_Exercise:_
Quote only the lines that start at the line with "AFRO Samurai Moral" and run to the end of the entries; omit the pictures.

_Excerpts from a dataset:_
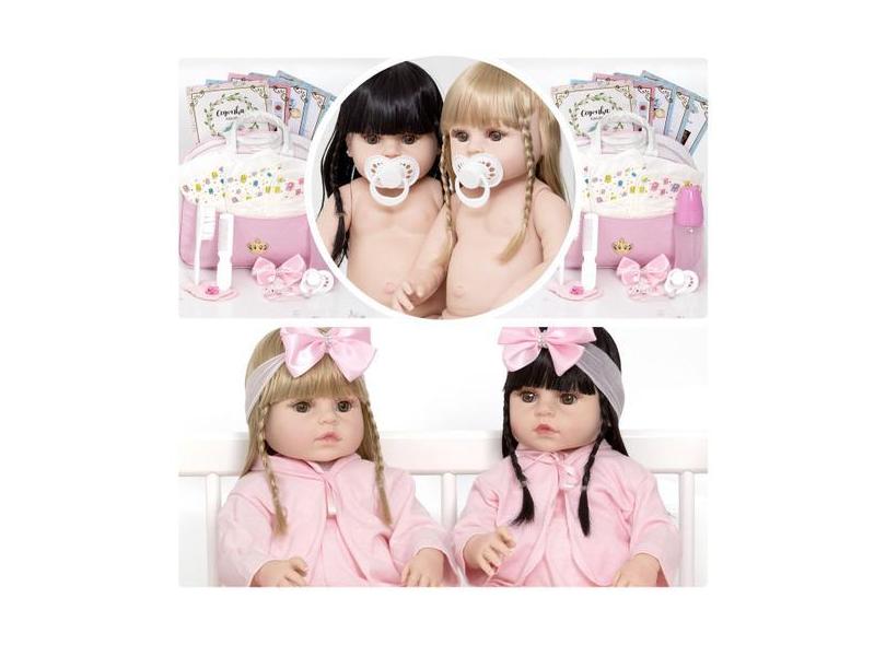 Bonecas Bebe Reborn Gêmeas Meninas Lindas Pagão Rosa Enxoval - Cegonha
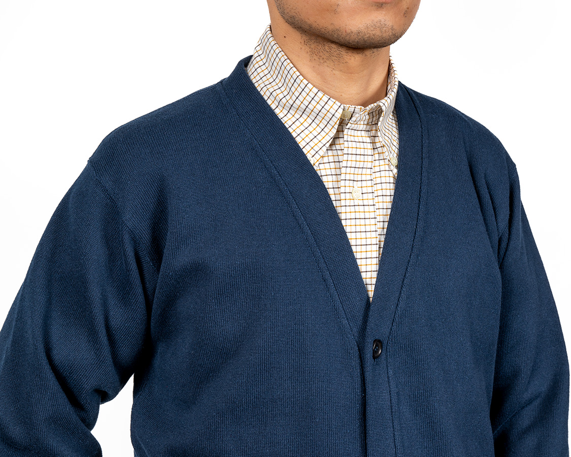 前Vは深すぎず、浅すぎず。中にボタンダウンを着て襟先のボタンがぎりぎり隠れるかどうかというライン。サイドネック(首の左右)はある丸首より少し沿うように。
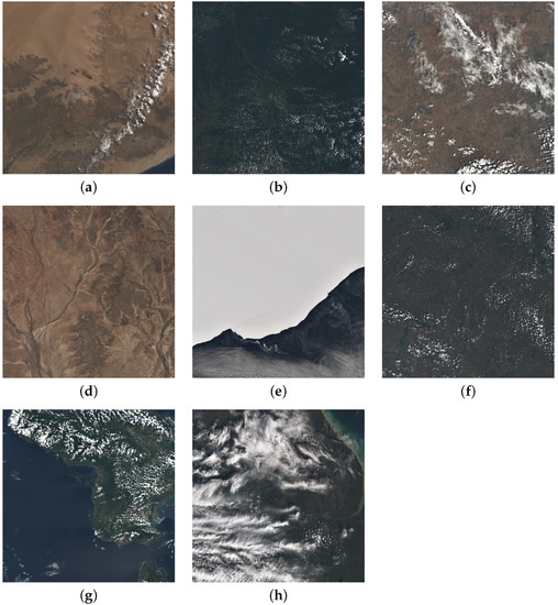 For the purpose of this study, the Landsat 8 Cloud Cover Assessment Validation data ( biome dataset) [35] was used. The biome dataset offers a balanced cloud distribution and diverse sets of land and water cover, which makes it a suitable source of data for the proposed CNN-based classification model. The biome dataset was acquired by the Landsat 8 Operational Land Imager (OLI) and Thermal Infrared Sensor (TIRS) [36]. Furthermore, data are orthorectified and corrected for terrain relief using Level-1T processing [37].
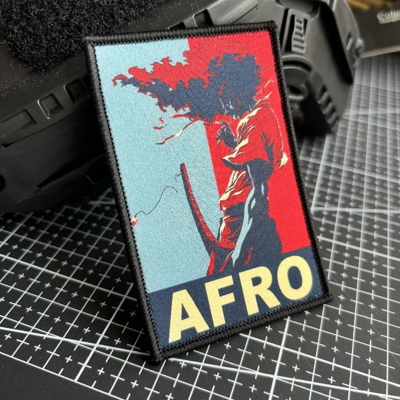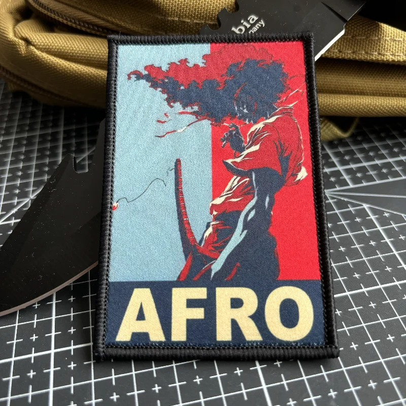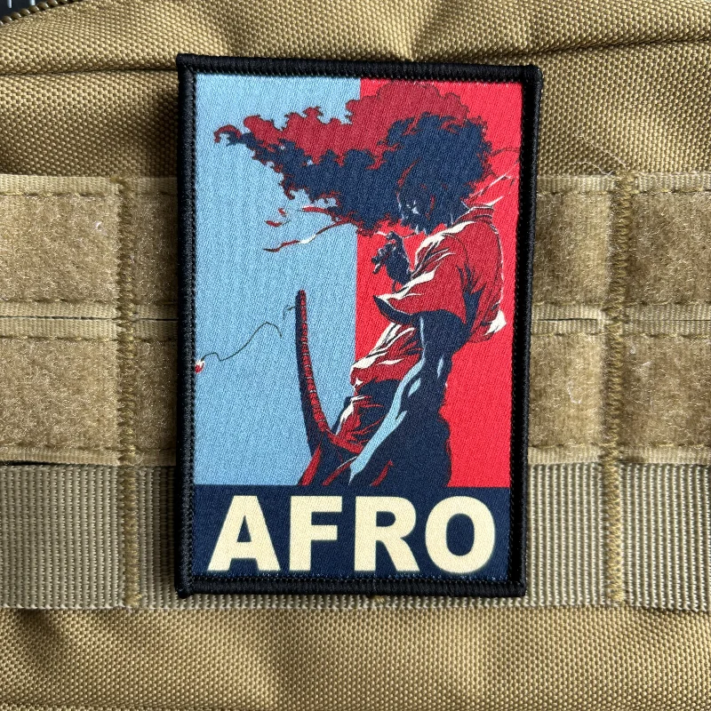 AFRO Samurai Moral Badge Hair Style Parche táctico Hook and Loop Impresión Mochila Parches adhesivos rojos y azules para ropa
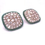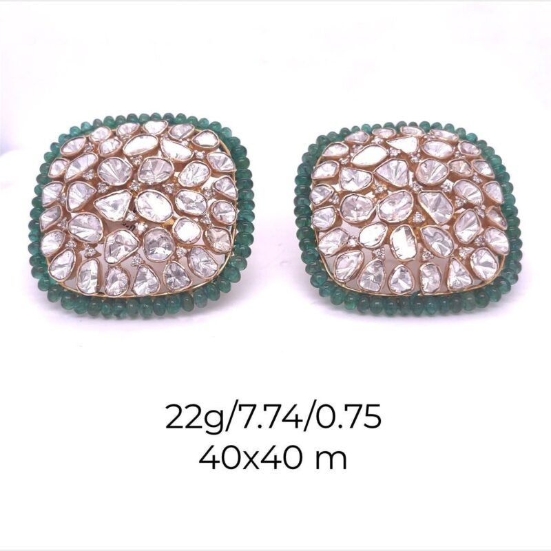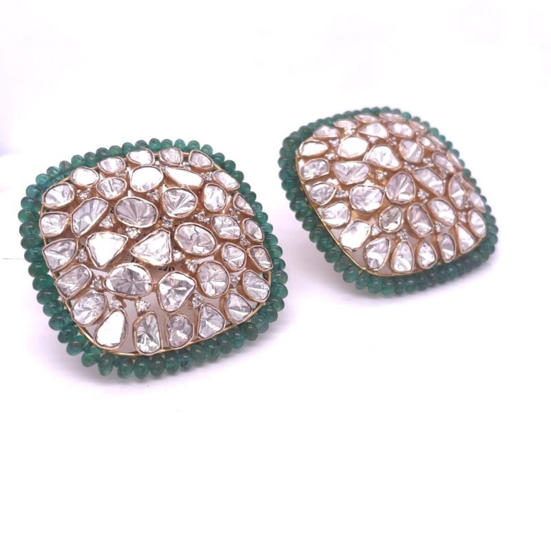 Exude timeless elegance with these handcrafted Polki and Emerald Bead Earrings, a perfect blend of traditional charm and modern craftsmanship. Designed in 14K Yellow and White Gold, these 40MM x 40MM earrings are adorned with shimmering lab-created diamonds, vintage-style uncut Polki, and rich emerald beads for a royal look.
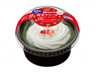 | 【内 容】 | 霧島高等学校の生徒さんとフードコーディネーターのコハシヒロミ先生の共同による商品です。霧島抹茶を使用したテリーヌに、霧島抹茶クリーム・ホイップクリーム・フリーズドライいちごをトッピング。アーモンドがアクセントの和洋折衷デザートです。 |

_Output of the task:_
 AFRO Samurai Moral Badge Hair Style Parche táctico Hook and Loop Impresión Mochila Parches adhesivos rojos y azules para ropa
 Exude timeless elegance with these handcrafted Polki and Emerald Bead Earrings, a perfect blend of traditional charm and modern craftsmanship. Designed in 14K Yellow and White Gold, these 40MM x 40MM earrings are adorned with shimmering lab-created diamonds, vintage-style uncut Polki, and rich emerald beads for a royal look.
 | 【内 容】 | 霧島高等学校の生徒さんとフードコーディネーターのコハシヒロミ先生の共同による商品です。霧島抹茶を使用したテリーヌに、霧島抹茶クリーム・ホイップクリーム・フリーズドライいちごをトッピング。アーモンドがアクセントの和洋折衷デザートです。 |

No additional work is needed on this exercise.